On October 1, we toured Yad Vashem, Israel’s official memorial to the victims of the holocaust. The name means “a place and a name” and is a quotation from Isaiah: “I will give in my house and within my walls a place and a name” (56:5). The reference is to the non-Jews who honor God, and Yad Vashem recognizes the gentiles who saved Jews during the Nazi times. Tamar Avraham, our guide, is a native of Germany who had studied Catholic theology. She traveled to Jerusalem in 1987, converted to Judaism, and took a Hebrew name.
Tamar led us through galleries that depicted (1) the extent of anti-Semitism, (2) the outbreak of World War II and the confinement to ghettoes of European Jews, (3) Germany’s “final solution” via forced labor and death camps, (4) the resistance of Jews to the Nazis and the rescue of the Jews at the end of the war, and (5) the aftermath and emigration of the Jews to Palestine. At the end of the presentation we were a somber group. I wondered what it must be like to conduct such a tour that evokes so many horrors and sorrows.
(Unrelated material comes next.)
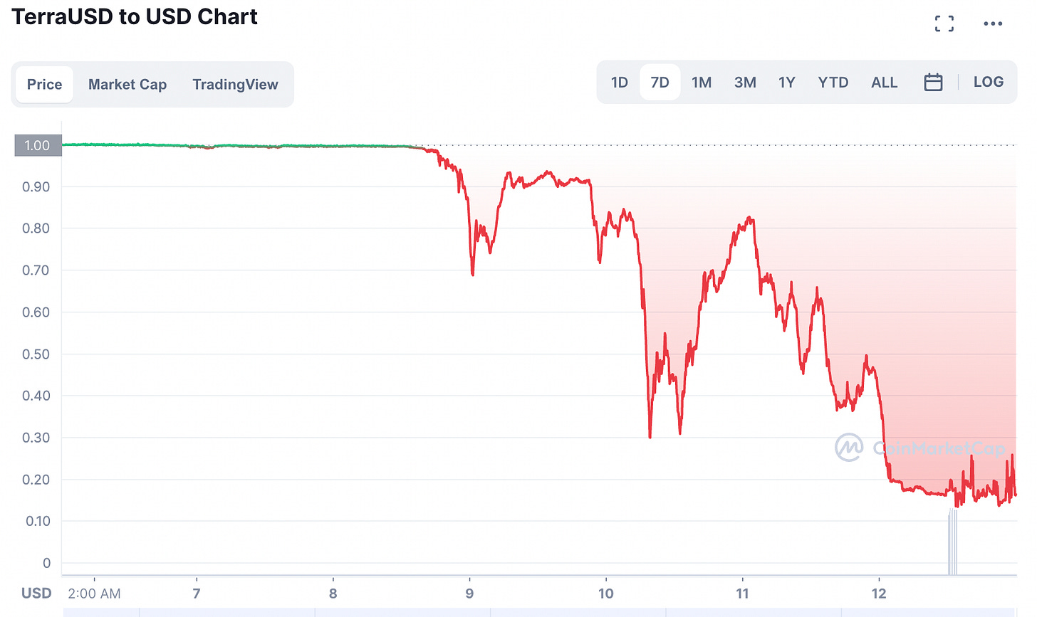 TerraUSD (UST) is an algorithmic stablecoin. It's meant to maintain a 1:1 fixed exchange rate (peg) with the U.S. Dollar. The theoretical price of UST should be $1. It's currently trading at $0.16. What happened?

After lunch Tamar led us on a walk to the top of nearby Mount Herzl, named after the founder of modern political Zionism. She described Yad Vashem as a “secular Temple,” meaning that the hopes of contemporary Israel are built upon the sacrifices of the holocaust. At the same time, however, she mentioned that 1.5 miles from the museum is the site of the Deir Yassin massacre. In 1948, 120 Zionist paramilitary fighters attacked the Palestinian village of Deir Yassin and killed 107 out of 600 residents.